The role of refugees in political and societal transformation

The period between the 1770s and 1820s in the Americas and Europe is marked as the 'age of revolutions' and is characterised by the introduction of the new notions of sovereignty and citizenship. The upheavals of this period are also associated with the rise of the mass phenomenon of political refugees that saw over a quarter million persons moving towards the Atlantic basin driven by political conflicts. The EU-funded AtlanticExiles project intends to demonstrate that political refugees and their movements were at the core of fundamental transformations in the Atlantic world concerning citizenship and subjecthood, welfare practices, freedom, slavery as well as the emergence of transnational exile politics.The project will focus on the interactions between refugees and the receiving societies.

Objective

This project explores movements and networks of refugees and exiles of the revolutions in the Americas and Europe (1770s–1820s). Political modernity, brought about by the “age of revolutions” and often identified with new notions of sovereignty and citizenship, was intertwined with the emergence of the political refugee as a mass phenomenon. Unprecedented numbers of people—in total, well over a quarter million—sought refuge in countries other than their own on primarily political, rather than religious, grounds. The project sets out to show that political migrants and refugee movements were at the very core of major transformations that the Atlantic world underwent during these momentous decades. These include the reshaping of citizenship and subjecthood regimes, changing practices of welfare and early humanitarianism, the porous and shifting boundaries between freedom and slavery, and the emergence of transnational exile politics.

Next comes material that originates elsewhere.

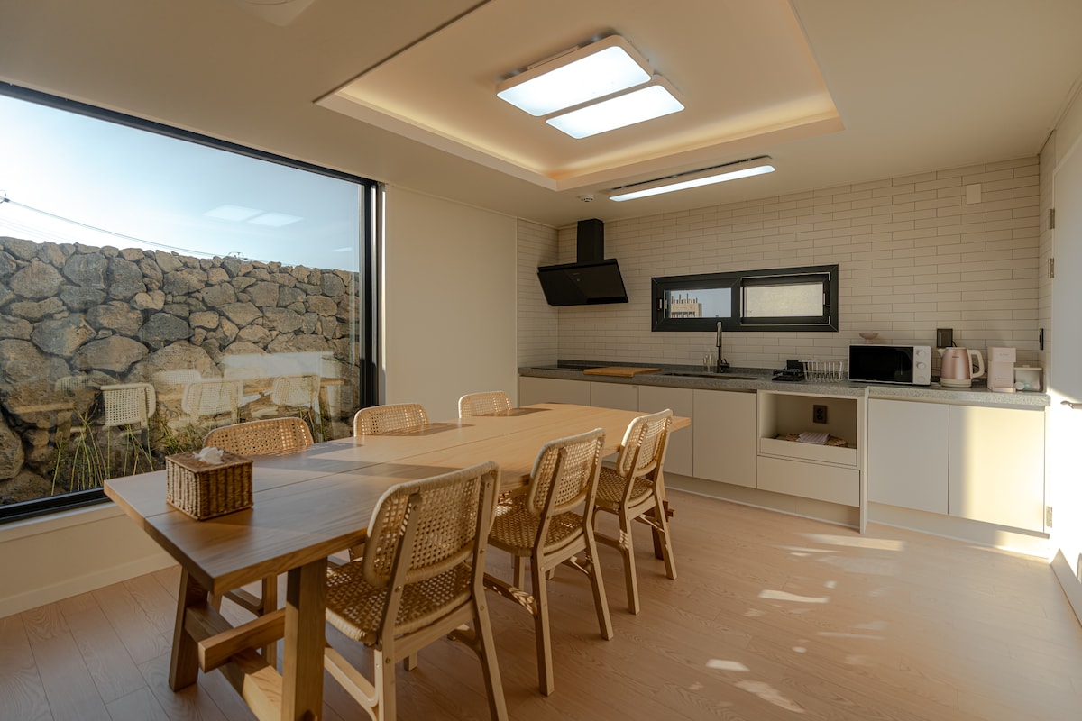 ಹಾಸಿಗೆಯಿಂದಲೇ ನೀವು ನೋಡಬಹುದಾದ ಕಿಟಕಿಯಿಂದ ಸಮುದ್ರದ ನೋಟವು ತುಂಬಾ ಸುಂದರವಾಗಿರುತ್ತದೆ, ಮುಂಜಾನೆ, ಬೆಳಿಗ್ಗೆ, ಮಧ್ಯಾಹ್ನ, ಸಂಜೆ ಮತ್ತು ರಾತ್ರಿಯ ಸಮುದ್ರದ ಪ್ರತಿ ಕ್ಷಣದಿಂದ ನಾನು ಸ್ಪರ್ಶಿಸುತ್ತೇನೆ. ಹುಲ್ಲುಹಾಸಿನ ಕಲ್ಲಿನ ಗೋಡೆಯ ಮೇಲೆ ಸಂಜೆ ಸೂರ್ಯಾಸ್ತದ ಭಾವಪರವಶತೆಯನ್ನು ವಿವರಿಸಲಾಗದು. ಮತ್ತು ಅನೆಕ್ಸ್ನ ಮೇಲ್ಛಾವಣಿಯಿಂದ ಫೈರ್ ಪಿಟ್ ಮತ್ತು ಕಾಫಿ ಬೀನ್ಗಳನ್ನು ಕಡಿಮೆ ಮಾಡುವಾಗ, ನೀವು ಜೆಜುನಲ್ಲಿರುವ ಅವೋಲ್ ಸೂರ್ಯಾಸ್ತದ ಸಮುದ್ರವನ್ನು ಆನಂದಿಸಬಹುದು. ಜೆಜು ಪ್ರಕೃತಿಯ ಸೌಂದರ್ಯದಿಂದ ನೀವು ಆಶ್ಚರ್ಯಚಕಿತರಾಗುತ್ತೀರಿ. ನೀವು ನೋಡುತ್ತಿರುವ ರೂಮ್ ಸಂಪೂರ್ಣ ಗಾಜಿನ ಸಾಗರ ವೀಕ್ಷಣೆ ರೂಮ್ ಆಗಿದೆ. --------------------------- [ರೂಮ್ ಸೆಪರೇಶನ್ ಸೂಚನೆಗಳು] ನಮ್ಮ ವಸತಿ ಸೌಕರ್ಯವು ಅಂಗಳವನ್ನು ಹಂಚಿಕೊಳ್ಳುತ್ತದೆ, ಆದ್ದರಿಂದ ಅದನ್ನು ಮುಖ್ಯ ಮನೆ ಮತ್ತು ಅನೆಕ್ಸ್ ಎಂದು ವಿಂಗಡಿಸಲಾಗಿದೆ. ಓಷನ್ ವ್ಯೂ (ಅನೆಕ್ಸ್) ಮೇಲ್ಛಾವಣಿಯಲ್ಲಿ ಎ-ಫ್ರೇಮ್ ಹೊಂದಿರುವ ಕಟ್ಟಡವಾಗಿದೆ ಮತ್ತು ಮುಖ್ಯ ಮನೆಯು ಪಕ್ಕದ ಬಾಗಿಲಿನ ಬಿಳಿ ಕಟ್ಟಡವಾಗಿದ್ದು, ಅಂಗಳದಲ್ಲಿ ದೊಡ್ಡ ಡೆಕ್ ಇದೆ. ಅನೆಕ್ಸ್ನಲ್ಲಿರುವ ರೂಫ್ಟಾಪ್ ಮುಖ್ಯ ಕಟ್ಟಡ ಮತ್ತು ಅಳಿಯಂದಿರ ಗೆಸ್ಟ್ಗಳಿಗೆ ಹಂಚಿಕೊಂಡ ಸ್ಥಳವಾಗಿದೆ. * ಹಾಸಿಗೆ ಹೆಚ್ಚು ಇರುವುದರಿಂದ ನೀವು ಮಲಗಲು ಆಸಕ್ತಿ ಹೊಂದಿದ್ದರೆ, ಚೆಕ್-ಇನ್ ಮಾಡುವ ಮೊದಲು ನೀವು ಹೋಸ್ಟ್ನಿಂದ ಬೆಡ್ಗಾರ್ಡ್ ಅನ್ನು ವಿನಂತಿಸಬಹುದು. ಬಾರ್ಬೆಕ್ಯೂ, ಪಟಾಕಿಗಳನ್ನು ಮುಂಚಿತವಾಗಿ ಅನ್ವಯಿಸಬಹುದು (ಹೆಚ್ಚುವರಿ ವೆಚ್ಚವಿದೆ)

While there is growing consensus that revolutionary ideas and actors in the Atlantic basin can no longer be studied in isolation, those who opposed and fled these revolutions have received strikingly less attention. Focusing on the interactions between refugees and receiving societies in a variety of contexts, Atlantic Exiles breaks new ground on two interlocking levels of inquiry: It recasts the Caribbean as one of the world’s major receiving and transit region for refugees during this period and it provides the first systematic exploration of exile and refugee movements in a decidedly Atlantic perspective. In addition, it sets the findings from the Atlantic world into a long-term and global history context. Based on multi-site and multi-linguistic research and the close engagement with records in the Caribbean, the project opens up new avenues for the study of both Atlantic and refugee history.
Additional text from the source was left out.